エヌ氏の成長・円錐

小胞輸送研究をはじめて18年めの分子神経科学者の日々雑感

エレガントな宇宙の不在と希望

午前中、膜融合の専門家に会って常日頃疑問に思っていることをいろいろ教えてもらった。おかげでイメージング技術の限界で手が出せないあたりがかなりはっきりイメージできた。


生物学研究者出身のSF作家 瀬名秀明の第一短編集の表題作が「希望」。この手のSF好きには素晴らしい作品。

希望 (ハヤカワ文庫JA)

希望 (ハヤカワ文庫JA)


瀬名秀明の作品では「ブレインヴァレー」が圧倒的な読後感があり、中でも「神を感じる遺伝子」という発想とその作品での表現には嫉妬感を感じるほどだった。その後の長編も独自の味はあるが、晦渋さが文学としての味わいを消している気がして、「敬しつつ遠ざけて」いた。ところが、たまたま裏表紙の紹介を読んで、ウムと思って買ったところ大当たりだった。
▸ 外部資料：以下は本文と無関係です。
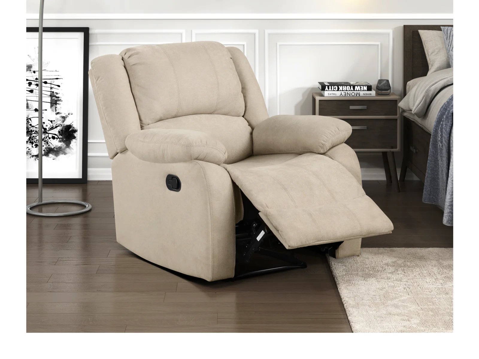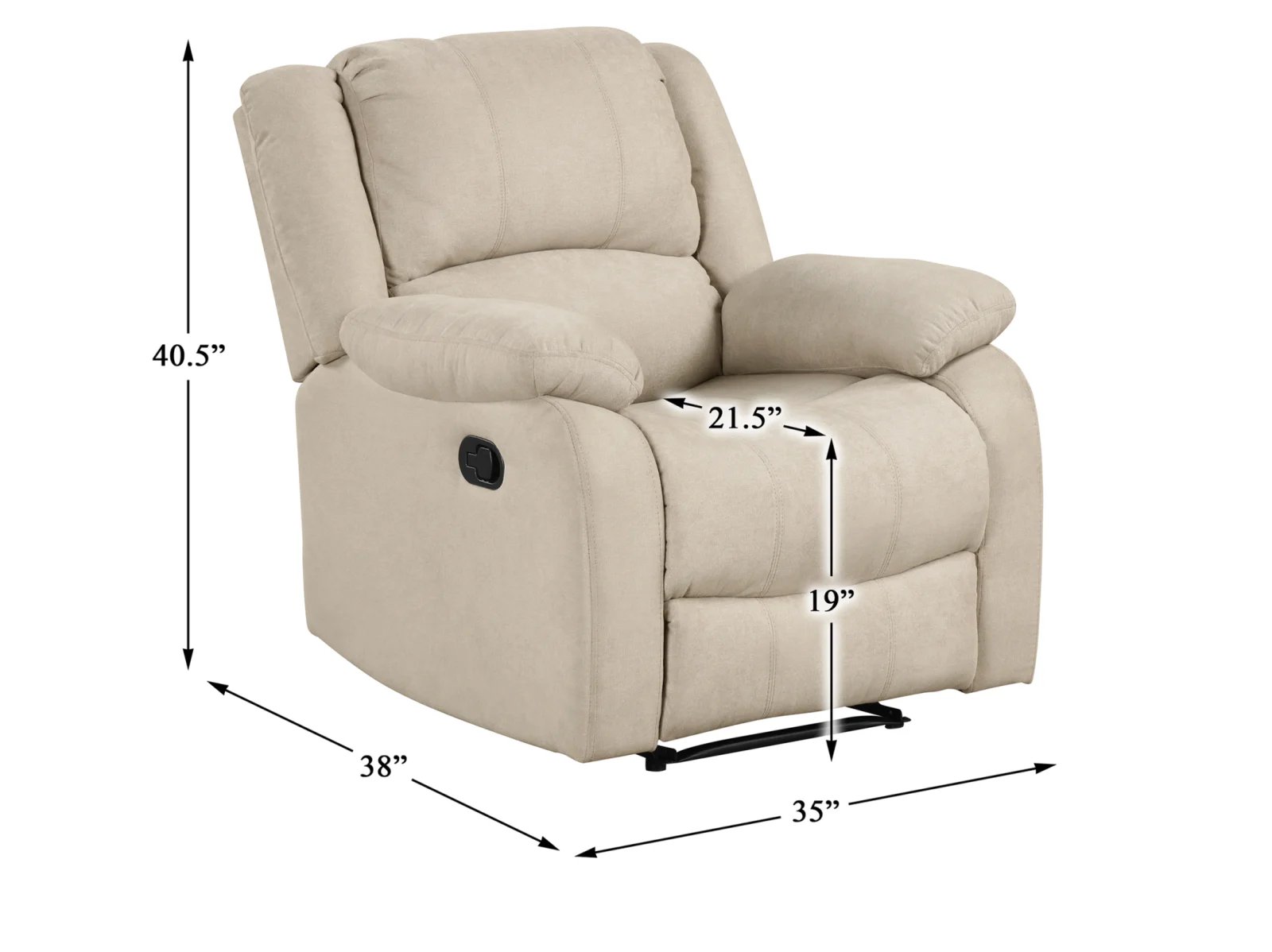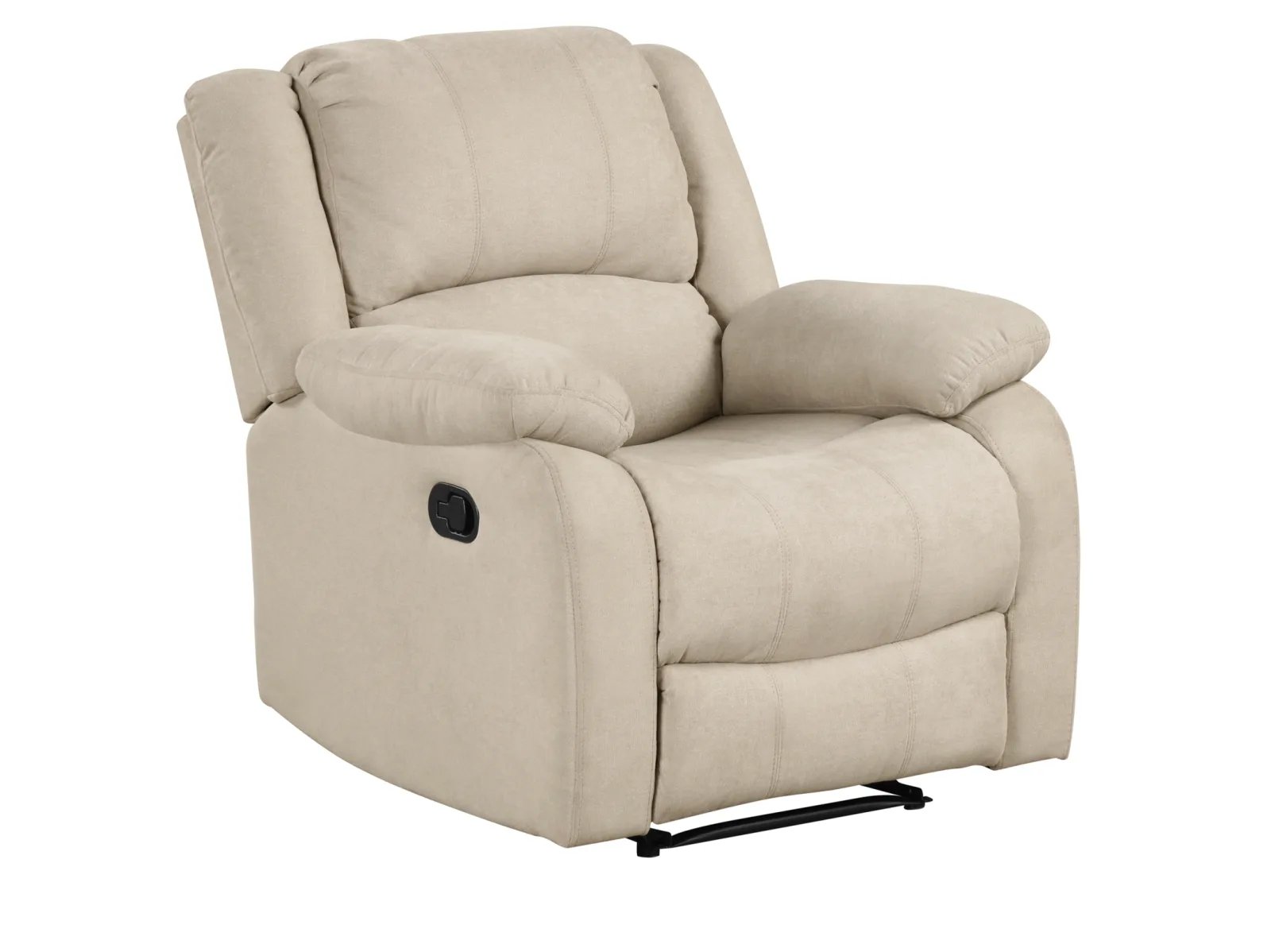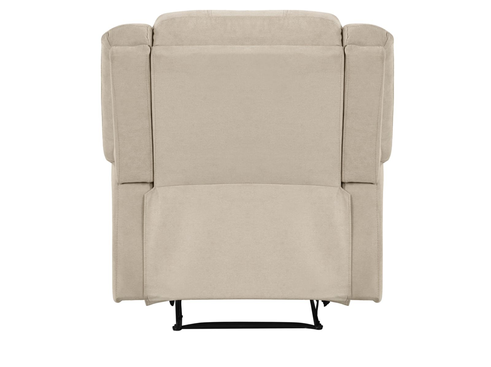 A solid pairing to your transitional living room, the Nixa IV Chair’s decorative versatility, and plush seating creates a reclining chair that is a complement to any lifestyle. Oatmeal textured fabric covers the chair, the neutral hue lending unobtrusive style to your space. The manual motion mechanism of the piece is engaged with a pull of the side-mounted tab, transitioning you from seated to reclined with ease, and the contoured seat structure is amply paired with pillow-top arms to maximize your comfort.
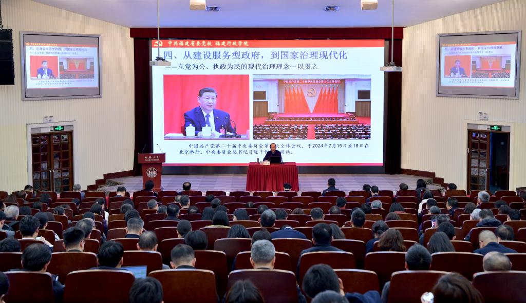 李海星以丰富的案例和生动的语言,从八个方面深入阐述了习近平新时代中国特色社会主义思想在福建孕育与实践的历程。他指出,从造福八闽,到为国担当,习近平总书记始终把人民放在心中最高位置,始终全心全意为人民服务,始终为人民利益和幸福而努力工作,充分展现了他担当有为的公仆情怀。树立和践行正确政绩观,就要以造福人民为最大政绩,倾听人民呼声,在更高水平上不断满足人民日益增长的美好生活需要,把以人民为中心的根本立场落到实处。
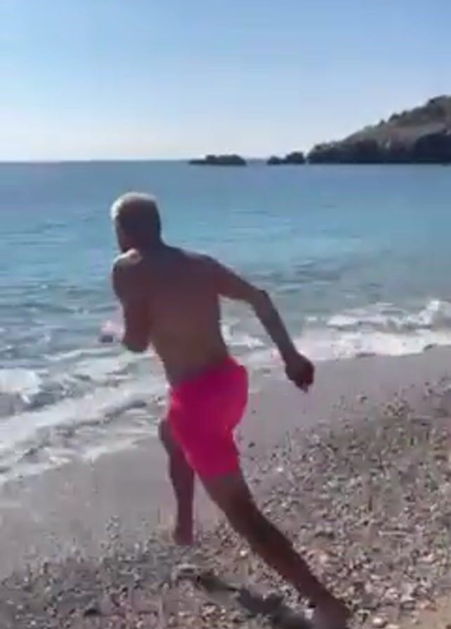 A man with blond hair, shirtless, and wearing pink shorts runs barefoot across a pebble beach and into the ocean
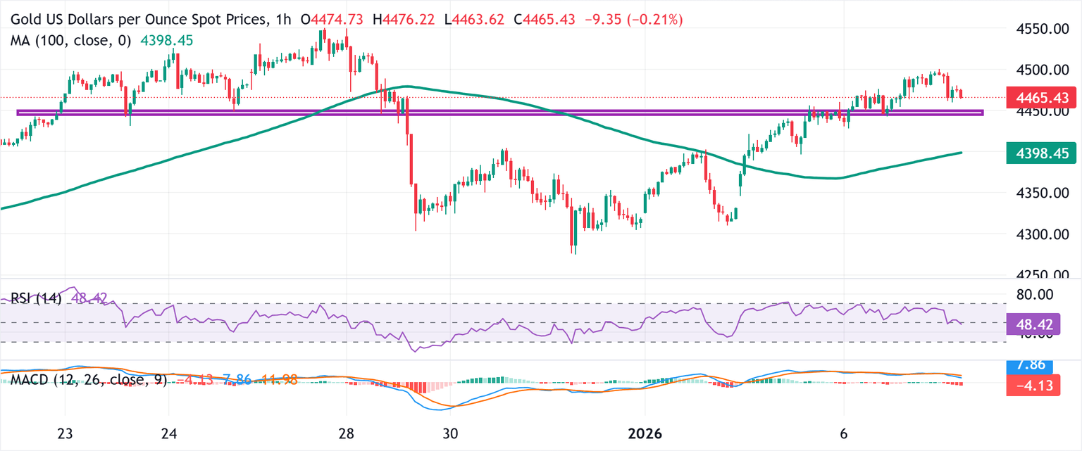- Gold faces rejection near $4,500 as the underlying bullish sentiment prompts profit-taking.
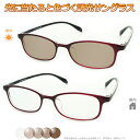 太陽光で色づく不思議レンズ 便利な調光サングラス光に当たると色が変わる! 調光メガネ完成品セット 眩しさから目を守る! フォトクロミックレンズ UVカット 調光レンズ使用 13065J クリア 調光グレー

「少女は語った。エレガントな宇宙の不在を証明した母親と、コミュニケーションの定性・定量化モデルを構築した父親と、自分の人生を」というのがその紹介。


「以前に父が教えてくれた。17世紀、ボヘミアの王女様が、デカルトという哲学者にこんな質問を投げかけた。肉体を動かす精神もまた物質だというのなら、その精神がどんな運動をしているのかお教えください。肉体が物質として運動するのなら、かたちを持った精神が、それに衝突して動かしていることになるでしょうと」

この古くからある問題に(どういう形であれ)解答が出せると考えること自体すごいと思うし、そのアクロバティックなアイデアをこういう小説という器に入れてしまった力技にはすっかり感心してしまった。